Monday, 26 November 2018 01:48 AM

AKASOL AG

  • Sales growth of 45.1% to EUR 13.6 million in the first nine months of 2018 (9M 2017: EUR 9.4 million)
  • Order backlog through 2024 at steady high level of EUR 1.47 billion
  • Adjusted EBIT of EUR 1.2 million for the first nine months of 2018
  • Confirmation of the full-year sales forecast of EUR 22 million to EUR 24 million and an adjusted EBIT margin of around 7%

DARMSTADT / ACCESSWIRE / November 26, 2018 / AKASOL AG ("AKASOL") (XETRA: ASL) (FSE: ASL), a leading German manufacturer of high-performance lithium-ion battery systems for buses, commercial, rail and industrial vehicles and marine and stationary applications, continued to grow successfully in the third quarter of 2018.

At EUR 13.6 million, sales revenues for the first nine months of the current fiscal year were 45.1% higher than in the same period of the previous year (9M 2017: EUR 9.4 million). The order backlog through 2024 was at a consistently high level of EUR 1.47 billion as of September 30, 2018.

Sven Schulz, CEO of AKASOL AG: "Our company was able to continue its announced growth course in the third quarter of 2018. Furthermore, series production for our two major customer projects went into operation on schedule at our Langen plant. We had very good discussions with current and potential new customers in the on-highway and off-highway segment at important industry trade fairs such as the IAA Commercial Vehicles and InnoTrans. We recorded great interest in our battery systems. We were also able to win our first order from a major German manufacturer for fast-charging stations in conjunction with battery system technology. The entry into this business area looks very promising. We estimate that our organic growth will continue to be sustained by expanding cooperation with our current customers and by acquiring new customer projects."

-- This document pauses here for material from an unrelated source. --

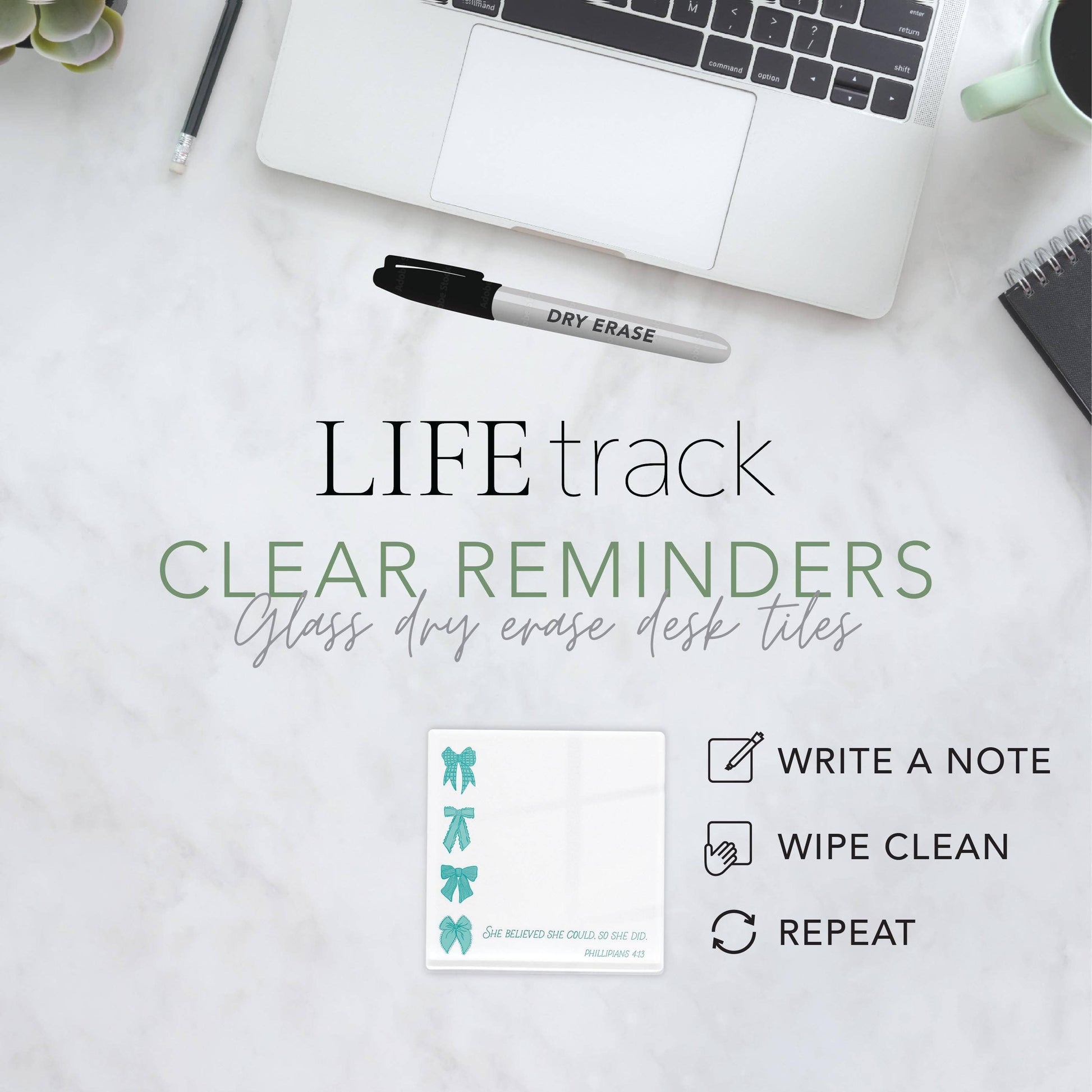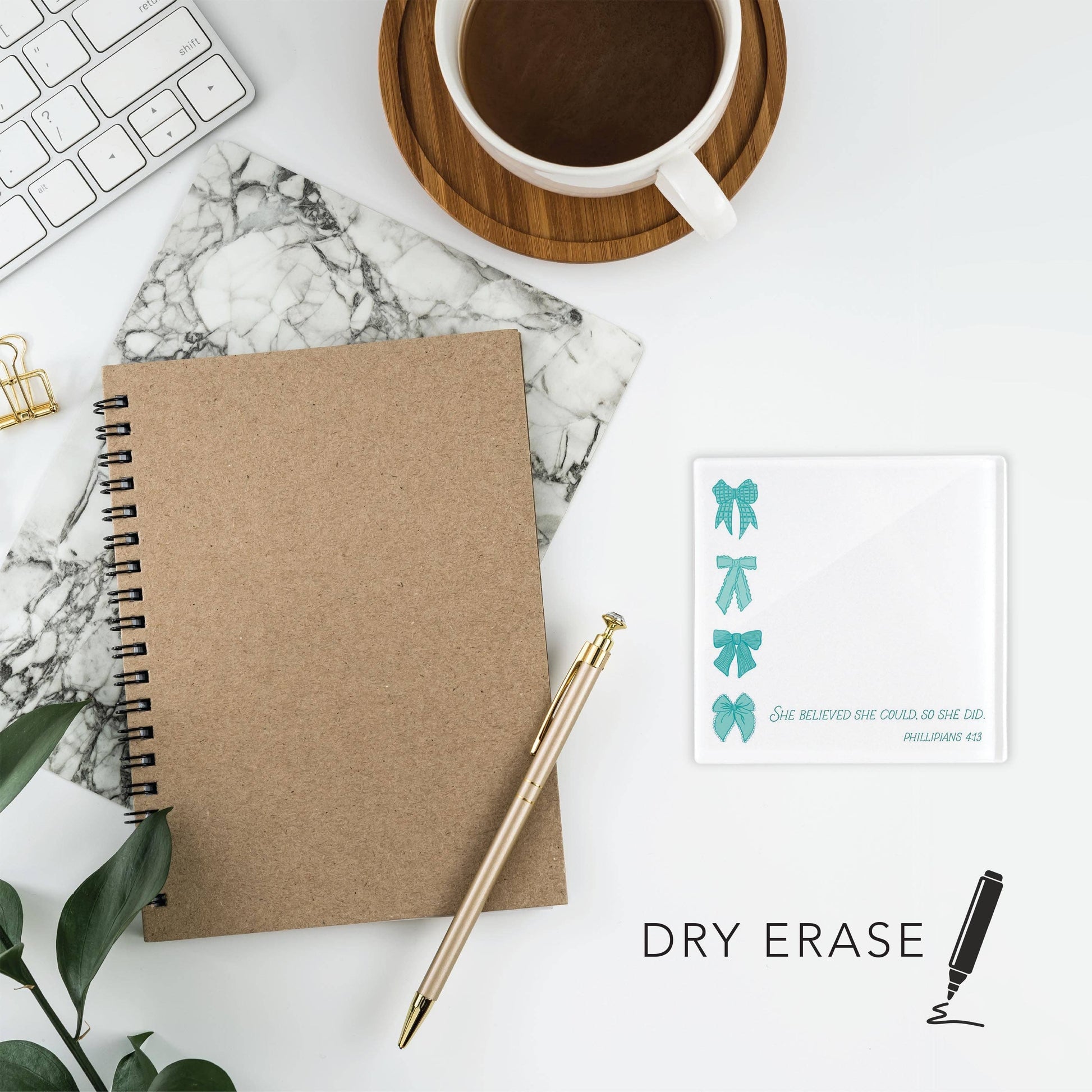 Make a note, draw a doodle, or leave a reminder on our 4” glass dry erase, packed with personality, Clear Reminders.
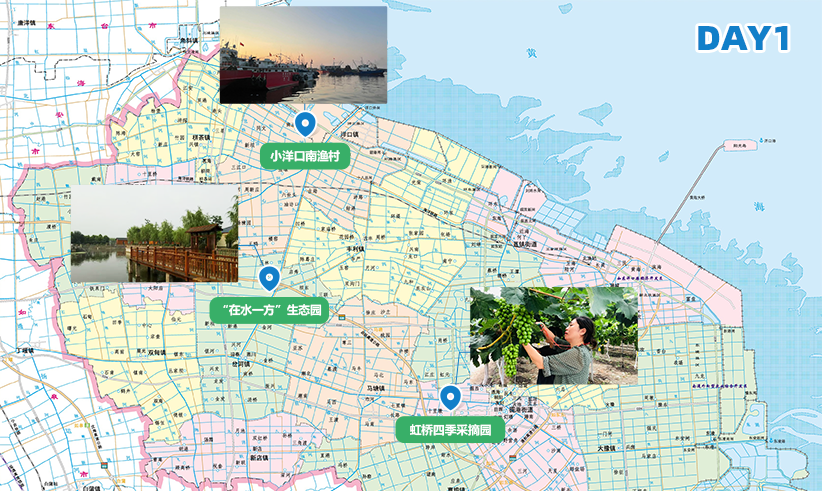 春有百花夏有荷,最是乡村能醉人。走入【虹桥四季采摘园】,亲自采摘橘子、桃子、阳光玫瑰葡萄等四季水果,享受现摘先吃的新鲜甜美。带上采摘好的水果,来到【“在水一方”生态园】,露营烧烤、垂钓赏花,尽享野趣。晚上可以前往【小洋口南渔村】,跟着渔民同吃、同住、同下海,体验新时代渔民的欢乐和幸福。

In the first nine months of the current fiscal year, AKASOL achieved positive adjusted EBITDA (earnings before interest, taxes, depreciation and amortization) of EUR 1.6 million (9M 2017: EUR 2.3 million) and positive adjusted EBIT (earnings before interest and taxes) of EUR 1.2 million. The adjusted EBIT margin (as a percentage of sales) was 9.0%.

Costs of materials rose to EUR 6.9 million in the first nine months of 2018 (9M 2017: EUR 3.8 million) as a result of the growth in sales. Adjusted EBITDA and adjusted EBIT in the current year were also affected by the scheduled increase in personnel in view of the start of series production at the Langen plant. As of September 30, 2018, AKASOL had 137 permanent employees (September 30, 2017: 84). Personnel expenses rose from EUR 3.4 million in the same period of last year to EUR 4.6 million in the first three quarters of 2018. Due to the disproportionately low increase in personnel expenses compared to sales, the personnel expense ratio fell from 37.2% in the previous year to 34.2%.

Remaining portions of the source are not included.